VincentH-Net By VincentH-Net schedule Updated 4/21/2026

name: orleans-multiservice-pattern description: Modular-monolith pattern for Microsoft Orleans 10 — host multiple logical services inside one physical silo/microservice, with project/namespace/dependency rules that let any logical service later be extracted to its own physical microservice with minimal changes. Use when starting a new Orleans 10 backend for a single team, when deferring real microservices until genuinely needed (MonolithFirst), when organizing a codebase to follow Conway's Law, or when you want painless future migration from in-silo grain calls to generated OpenAPI HTTP clients. Scaffolds Apis.<S>Api, Contracts.<S>Contract, and <S>Service projects with strict dependency directions (Apis→Contracts, Apis→Service, Service→Contracts), plus a silo host.

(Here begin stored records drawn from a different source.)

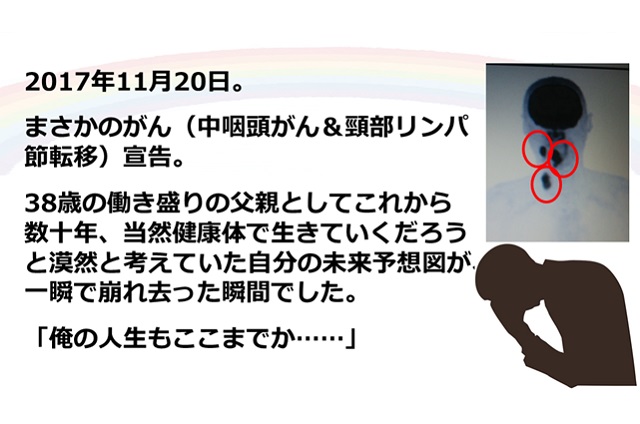 2017年12月、中咽頭がん告知を受け、標準治療(抗がん剤、放射線)を開始。翌8月に病巣が画像上消滅し、9月より復職。がん判明後より、ブログ『38歳2児の父、まさかの中咽頭がんステージ4体験記! 〜がんチャレンジャーとしての日々〜』を開始し、現在も執筆中。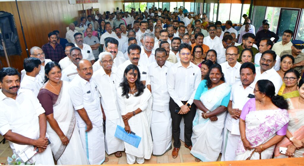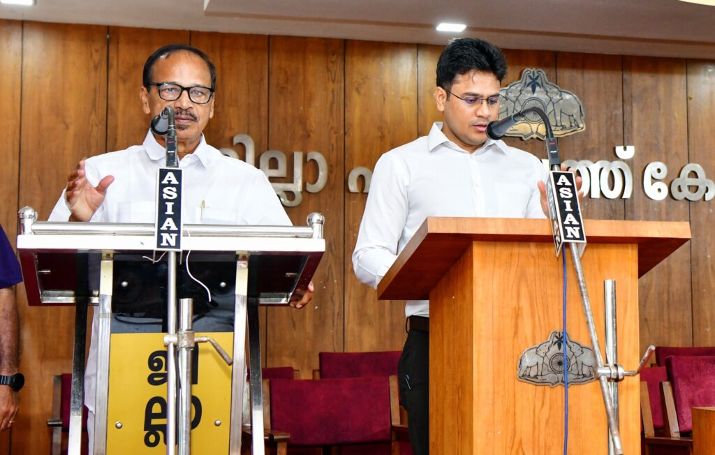 കോട്ടയം: കോട്ടയം ജില്ലാ പഞ്ചായത്തിലെ പുതിയ അംഗങ്ങള് സത്യപ്രതിജ്ഞ ചെയ്തു. ജില്ലാ പഞ്ചായത്ത് ഓഡിറ്റോറിയത്തില് നടന്ന ചടങ്ങില് മുതിര്ന്ന അംഗം തോമസ് കുന്നപ്പള്ളിക്ക് വരണാധികാരിയായ ജില്ലാ കളക്ടര് ചേതന്കുമാര് മീണ ആദ്യം സത്യപ്രതിഞ്ജ ചോല്ലിക്കൊടുത്തു. തുടര്ന്ന് മറ്റ് അംഗങ്ങള്ക്ക് തോമസ് കുന്നപ്പള്ളി പ്രതിജ്ഞ ചൊല്ലിക്കൊടുത്തു. ഫ്രാന്സിസ് ജോര്ജ് എം.പി, തിരുവഞ്ചൂര് രാധാകൃഷ്ണന് എം.എല്.എ, അഡീഷണല് ജില്ലാ മജിസ്ട്രേറ്റ് എസ്. ശ്രീജിത്ത് തുടങ്ങിയവര് സന്നിഹിതരായിരുന്നു,തോമസ് കുന്നപ്പള്ളിയുടെ അധ്യക്ഷതയില് ആദ്യ കൗണ്സില്യോഗം ചേര്ന്നു. പ്രസിഡന്റ് തെരഞ്ഞെടുപ്പ് 27ന്………………………ജില്ലാ പഞ്ചായത്ത് പ്രസിഡന്റ്,വൈസ് പ്രസിഡന്റ് തെരഞ്ഞെടുപ്പുകള് ഡിസംബര് 27ന് നടക്കും. ജില്ലാ പഞ്ചായത്ത് കൗണ്സില് ഹാളില് രാവിലെ 10.30നാണ് പ്രസിഡന്റ് തെരഞ്ഞെടുപ്പ്. വൈസ് പ്രസിഡന്റ് തെരഞ്ഞെടുപ്പ് ഉച്ചകഴിഞ്ഞ്2.30ന് നടക്കും………..ഫോട്ടോ : കോട്ടയം ജില്ലാ പഞ്ചായത്തംഗങ്ങളുടെ സത്യപ്രതിജ്ഞാ ചടങ്ങിന് തുടക്കം കുറിച്ച് വരണാധികാരിയായ ജില്ലാ കളക്ടര് ചേതന് കുമാര് മീണ ഏറ്റവും മുതിര്ന്ന അംഗം തോമസ് കുന്നപ്പള്ളിക്ക് പ്രതിജ്ഞ ചൊല്ലിക്കൊടുക്കുന്നു .മുതിര്ന്ന അംഗം തോമസ് കുന്നപ്പള്ളിയുടെ അധ്യക്ഷതയില് ചേര്ന്ന കോട്ടയം ജില്ലാ പഞ്ചായത്തിന്റെ ആദ്യ യോഗം.സത്യപ്രതിജ്ഞ ചെയ്ത കോട്ടയം ജില്ലാ പഞ്ചായത്തംഗങ്ങള് ഫ്രാന്സീസ് ജോര്ജ് എം.പി, തിരുവഞ്ചൂര് രാധാകൃഷ്ണന് എം.എല്.എ, വരണാധികാരിയായ ജില്ലാ കളക്ടര് ചേതന്കുമാര് മീണ തുടങ്ങിയവര്ക്കൊപ്പം.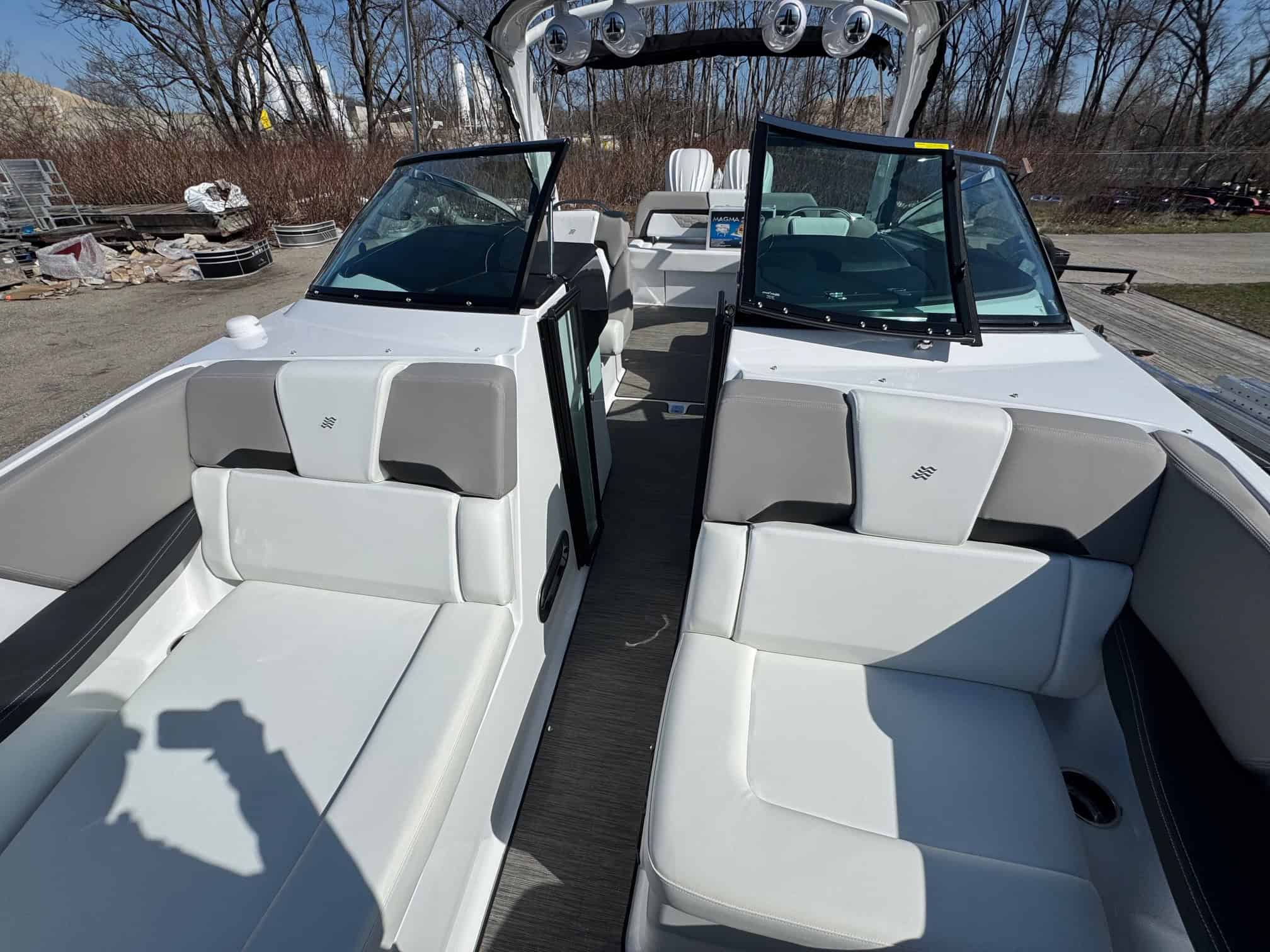 Experience the thrill of the open water like never before in this 2025 Four Winns H290, available exclusively at Hall's Sport Center in Muskegon. Designed with the discerning boater in mind, this luxurious vessel boasts an array of premium features; from its Lunar/Ebony accent cockpit color and U-Wrap 9B seating to its Reed cockpit flooring in Ash. The onboard galley is equipped with a fridge and sink for your convenience, while the premium sound system, wake tower speakers, and gas grill are ready to take your boating parties to the next level. Dive into the night with underwater LED lighting, and cast off with ease using the windlass w/anchor, rope, and chain. The LX and SLX packages with black canvas promise a stylish serenity on the water. This particular model is available with no discounts or rebates, a testament to its extraordinary value.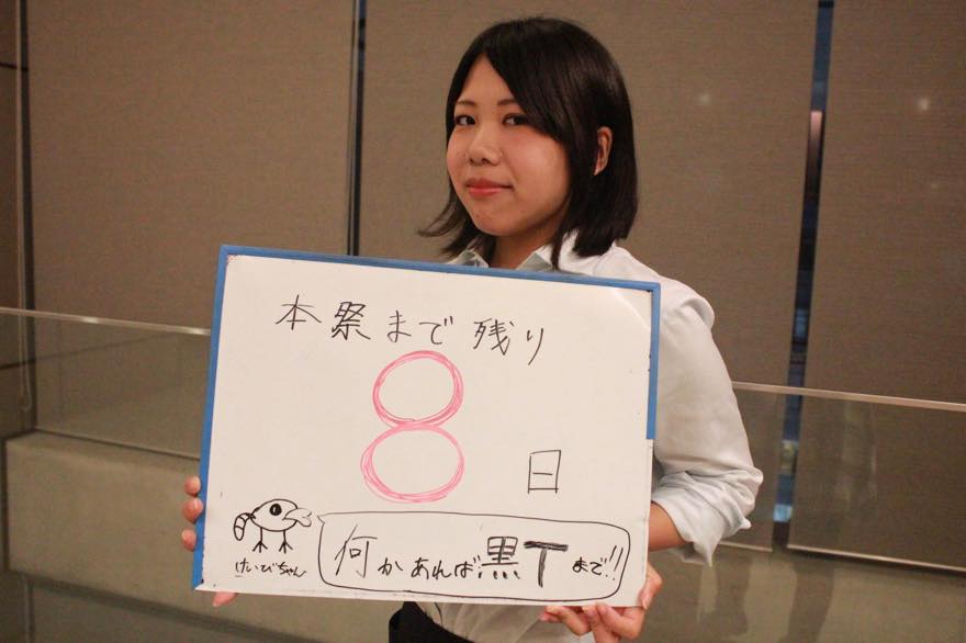 祭典を漢字一文字で表すと、それに対する詳細 祭典を漢字一字で表すと「気」です。 この「気」は気づきの「気」です。 この団体は様々な大学から集まっており、たくさんの考えを持った人たちと関わります。 その中で、じぶんとは違う考えを持った人と話し、新たな視点に気づいたり、創造することができます。 また、関係者の皆様、普段ならしゃべることのない大人の方とも話す機会があり、 学生とは違った目線に気づいたり、逆に学生独自の考えにも気づいたりと 様々な気づきがあると思います。 そのようなたくさんの気付きがあるところなので、「気」という漢字を選びました。 本祭当日、来場者の皆様に、祭典の魅力をたくさん気づいていただけたらと思います。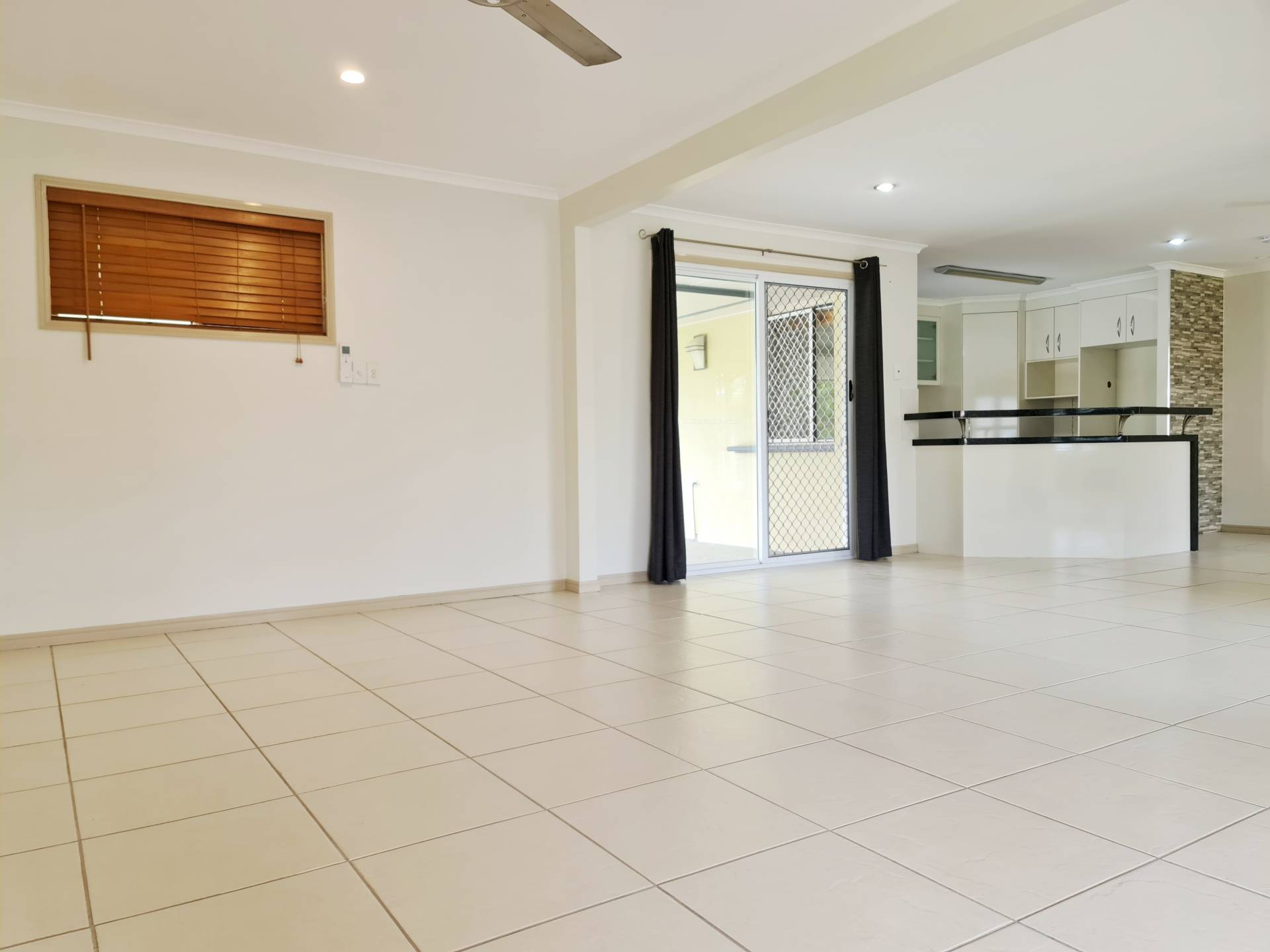 * Large open plan living space with tiled flooring throughout the main living areas for easy maintenance & carpet in bedrooms

Generated by the mcs-orleans-multiservice template; add more logical services via AddLogicalService.ps1 <name> or --Multiservice .. metadata: author: https://github.com/VincentH-Net version: "1.0" framework: orleans category: architecture sources: - Modern.CSharp.Templates (mcs-orleans-multiservice) - github.com/VincentH-Net/Orleans.Multiservice


Orleans Multiservice — logical service separation in a modular monolith

Use when building a Microsoft Orleans 10 backend and you want the productivity of a monolith (one deployable, in-process grain calls) with the optionality of microservices (any logical service can be extracted into its own physical microservice later, with minimal code changes). The pattern is a direct application of Martin Fowler's MonolithFirst and Conway's Law to Orleans.

1. When to use this skill

Apply when:

  • Starting a new Orleans 10 backend owned by a single team, with synchronized deploys (sprint-based rhythm)
  • You want clear functional boundaries in the code now but do not yet need the operational complexity of multiple services (separate CI/CD, infra, network hops)
  • You anticipate needing to split services later (team growth, scaling isolation, independent deployment) and want the option to do so cheaply
  • You want the compiler + project graph to enforce service boundaries today so they do not erode

Avoid when:

  • You already need true physical isolation (independent deployability, polyglot stacks, team autonomy across services)
  • Latency or failure-isolation requirements dictate separate processes from day one

2. Core concepts

Multiservice

A single deployable Orleans microservice (physical host / silo) that contains one or more logical services. Named for the team or product area, e.g. TeamAeShopTeamA. The multiservice name is used in:

  • Solution name
  • Suffix for Apis and Contracts assembly names
  • Orleans cluster identity

Logical service

A functionally cohesive group of Orleans grains plus its related API endpoints, addressed exclusively through its public grain contracts. Examples: CatalogService, BasketService. Each logical service is three projects:

Project Public surface Purpose
Contracts.<Service>Contract Everything Grain contract interfaces — the only intended public face of the service
<Service>Service Restricted (see below) Grain implementations
Apis.<Service>Api Everything ASP.NET Core endpoints exposing the service over HTTP

In the grain implementation project (<Service>Service), public is allowed only for:

  • Interface member implementations
  • Grain constructors
  • Serializable data members

This prevents other projects from calling service internals directly — they must go through grain contracts.

3. Structural rules

The project graph enforces four rules. Keep these invariants on every change:

  1. Dependency directions only: Apis.<S>Api → Contracts.<S>Contract, Apis.<S>Api → <S>Service, <S>Service → Contracts.<S>Contract. Nothing else.
  2. Namespace restrictions: API endpoints live in Apis.<service>Api; public grain contracts live in Contracts.<service>Contract; grain implementations live in <service>Service.
  3. Cross-service isolation: No direct references between two services' namespaces or between two services' contract namespaces. A service that needs to call another service uses the other service's public grain contract (and, in the split-out case, the generated HTTP client).
  4. Public surface minimization: Service projects expose only grain implementations + constructors + serializable members. Helpers, DTOs, and internals stay internal.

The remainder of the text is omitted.